Bug 763012 (GLUSTER-1280)

Summary: gf_mem_set_acct_info goes into spinlock busyloop, never returns
Product: [Community] GlusterFS Reporter: Shehjar Tikoo <shehjart>
Component: nfsAssignee: Shehjar Tikoo <shehjart>
Status: CLOSED CURRENTRELEASE QA Contact:
Severity: medium Docs Contact:
Priority: low    
Version: 3.1-alphaCC: gluster-bugs
Target Milestone: ---   
Target Release: ---   
Hardware: All   
OS: Linux   
Whiteboard:
Fixed In Version: Doc Type: Bug Fix
Doc Text:
Story Points: ---
Clone Of: Environment:
Last Closed: Type: ---
Regression: RTP Mount Type: nfs
Documentation: --- CRM:
Verified Versions: Category: ---
oVirt Team: --- RHEL 7.3 requirements from Atomic Host:
Attachments:
Description Flags
NFS volume file
none
CPU profile, open using kcachegrind none

Description Shehjar Tikoo 2010-08-04 06:45:18 EDT
Created attachment 268 [details]
Patched glxMesa Spec for the new CVS sources
Comment 1 Shehjar Tikoo 2010-08-04 06:46:01 EDT
Created attachment 269 [details]
lvs.cf file
Comment 2 Shehjar Tikoo 2010-08-04 06:46:16 EDT
This is seen on qa3.
Comment 3 Shehjar Tikoo 2010-08-04 09:09:31 EDT
When exporting a simple posix volume through NFS, on doing a showount -e localhost  on the NFS client/nfs server, glusterfsd goes into a cpu usage loop on a spinlock hanging the whole process. 

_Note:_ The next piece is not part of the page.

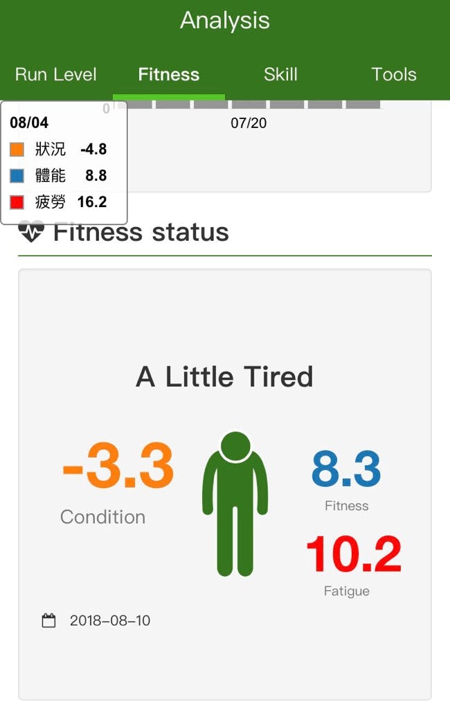 Figure 3 & 4: RunningQuotient 能顯示練習後身體體能狀況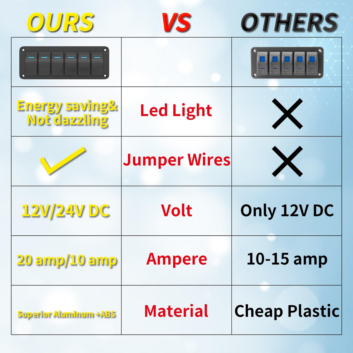 Single Led Light Switch Panel: The 6 Gang Rocker Switch Panel Features A Unique 1 Led Light Design, Compared With Other Dual Led Light Design, More Energy Saving And Much Less Dazzling

The lock hung on is in: gf_mem_set_acct_info
Comment 4 Shehjar Tikoo 2010-08-05 00:42:37 EDT
Downgrading to Normal because the work-around is to disable memory-accounting by:

export GLUSTERFS_DISABLE_MEM_ACCT=1

And then running glusterfsd.
Comment 5 Shehjar Tikoo 2010-08-12 04:48:38 EDT
This probably caused by a bug in the memory accounting  init phase in NFS translator.
Comment 6 Shehjar Tikoo 2010-08-31 05:02:01 EDT
The bug occurs because before entering the NFS translator, the nfs-rpc layer does not set THIS, leaving it pointing to some other translator. The locking code sees some crap lock structure because the memory type to be indexed is crap because the translator which gets accessed while allocating memory in mount3.c, for mnt3-export, is not NFS but something else.
Comment 7 Vijay Bellur 2010-08-31 07:44:59 EDT
PATCH: http://patches.gluster.com/patch/4426 in master (nfsrpc: Introduce THIS-setting support to fix mem-accounting)
Comment 8 Vijay Bellur 2010-08-31 07:45:03 EDT
PATCH: http://patches.gluster.com/patch/4423 in master (nfs: Set actorxl to enable setting THIS to nfsx)
Comment 9 Shehjar Tikoo 2010-08-31 22:54:14 EDT
Regression test:

1. Export a simple posix volume through gnfs.

2. Start the nfs server.

3. At the nfs client:

$ showmount -e <server>

This will hang the nfs server in the mnt3-export code path. Verify this through log.

Next step.

4. Kill the nfs server daemon.

5. Run the following command:
export GLUSTERFS_DISABLE_MEM_ACCT=1

6. Start gnfs again.

7. Run the following command on the client:

$ showmount -e <server>

This time, the nfs server daemon will not hang. showmount will report the output correctly.

If with the patches here, step 3 still hangs, there is a regression.